◆ YOUR OBJECTIVE: Once the pictures are set aside, repeat all of the data below exactly.

◆ COLLECTED DATA:
----
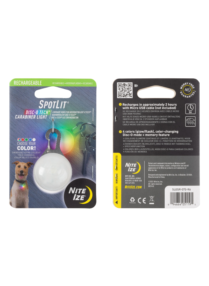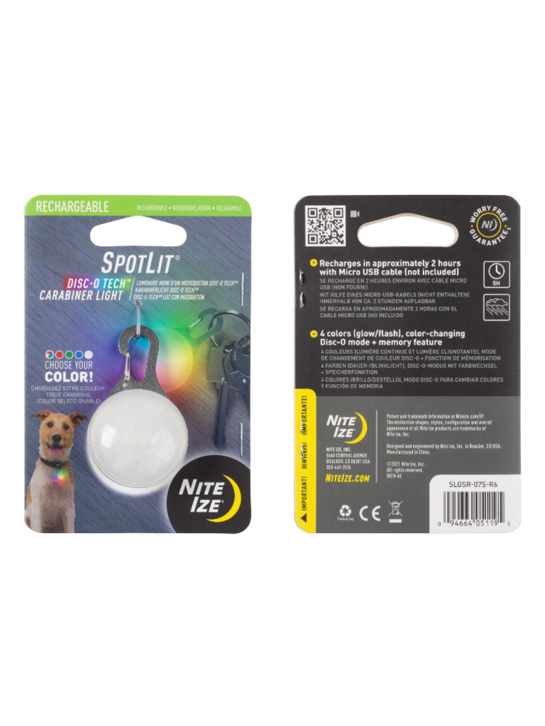 Create an accountWhenever you need a little light, the rechargeable SpotLit is there. Set in a secure stainless steel carabiner clip with a durable, weather-resistant body, all it takes is a little push to bring it to life. Featuring an innovative Disc-O Tech LED module, you can choose from four selectable colors of red, green, blue, or white, set any of those colors to glow or flash, or leave it in color-changing Disc-O mode to watch the colors smoothly blend from one to the next. Its built-in memory feature remembers your last color setting, automatically turning back on in that setting. Easy to clip and carry virtually anywhere, attach SpotLit to your keys, purse, zipper, backpack, and more. When the light runs low, charge it up via micro USB cable (not included) in 2 hours. Whether searching for something in your car, finding the right key for your door, walking around the campsite, or getting someone's attention from a distance, SpotLit is on your side.
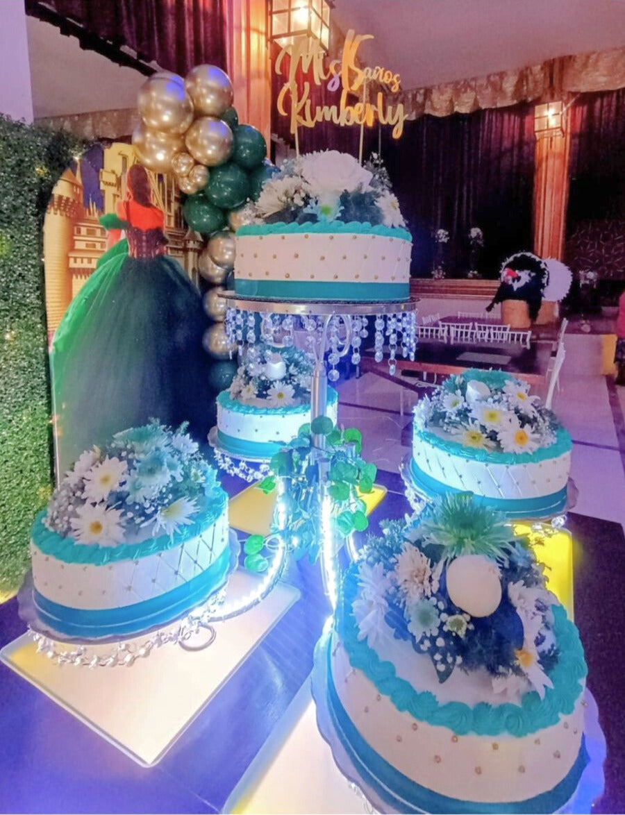 Hermosa base de acero macizo con recubrimiento de pintura color cromo horneada de gran duración. Esta base para pastel simula a una hermoso candelabro, incluye pedrería en cada uno de sus aros con luz de fondo que hará que brillen tus pasteles. Esta base es elegante y a la vez práctica, además cabrá en un espacio pequeño pero hará que tus pasteles sean el centro de atención creando volumen y presencia imponente, Sus 5 aros de 12 pulgadas de diámetro pueden sostener pasteles de hasta 7 kilos por aro. Su elegante estilo puede adaptarse a cualquier diseño de pastel y cualquier evento como Bodas, Quinceaños y cumpleaños.
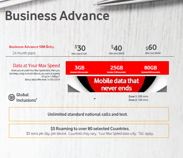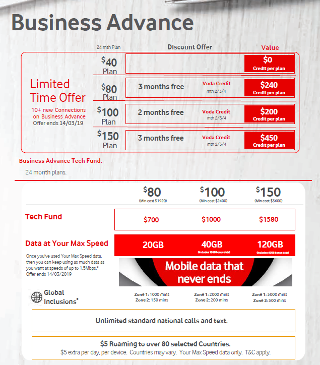 We understand that businesses require predictability and appreciate flexibility – that’s why we’ve introduced Business Advance. If you want 10 or more connections, our Business Advance plans give you exceptional choice and value. Choose either a plan that includes a Tech Fund or sign up to a BYO plan if you have your own devices. All our Business Advance plans come with Your Max Speed data, and then you can use as much data as you want at speeds of up to 1.5Mbps. You can’t share the inclusions on Business Advance. Our $40 and above Business Advance plans also come with loads of standard international minutes to Zone 1 and Zone 2 countries. And with ReadySupport, you’ll get a Personal Account Manager who’ll give you one-on-one attention.
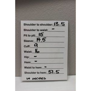No size or materials tag, size given is for guidance ONLY. Please USE measurements!
----
◆ EXERCISE SOLUTION:
 Create an accountWhenever you need a little light, the rechargeable SpotLit is there. Set in a secure stainless steel carabiner clip with a durable, weather-resistant body, all it takes is a little push to bring it to life. Featuring an innovative Disc-O Tech LED module, you can choose from four selectable colors of red, green, blue, or white, set any of those colors to glow or flash, or leave it in color-changing Disc-O mode to watch the colors smoothly blend from one to the next. Its built-in memory feature remembers your last color setting, automatically turning back on in that setting. Easy to clip and carry virtually anywhere, attach SpotLit to your keys, purse, zipper, backpack, and more. When the light runs low, charge it up via micro USB cable (not included) in 2 hours. Whether searching for something in your car, finding the right key for your door, walking around the campsite, or getting someone's attention from a distance, SpotLit is on your side.
 Hermosa base de acero macizo con recubrimiento de pintura color cromo horneada de gran duración. Esta base para pastel simula a una hermoso candelabro, incluye pedrería en cada uno de sus aros con luz de fondo que hará que brillen tus pasteles. Esta base es elegante y a la vez práctica, además cabrá en un espacio pequeño pero hará que tus pasteles sean el centro de atención creando volumen y presencia imponente, Sus 5 aros de 12 pulgadas de diámetro pueden sostener pasteles de hasta 7 kilos por aro. Su elegante estilo puede adaptarse a cualquier diseño de pastel y cualquier evento como Bodas, Quinceaños y cumpleaños.
 We understand that businesses require predictability and appreciate flexibility – that’s why we’ve introduced Business Advance. If you want 10 or more connections, our Business Advance plans give you exceptional choice and value. Choose either a plan that includes a Tech Fund or sign up to a BYO plan if you have your own devices. All our Business Advance plans come with Your Max Speed data, and then you can use as much data as you want at speeds of up to 1.5Mbps. You can’t share the inclusions on Business Advance. Our $40 and above Business Advance plans also come with loads of standard international minutes to Zone 1 and Zone 2 countries. And with ReadySupport, you’ll get a Personal Account Manager who’ll give you one-on-one attention.
No size or materials tag, size given is for guidance ONLY. Please USE measurements!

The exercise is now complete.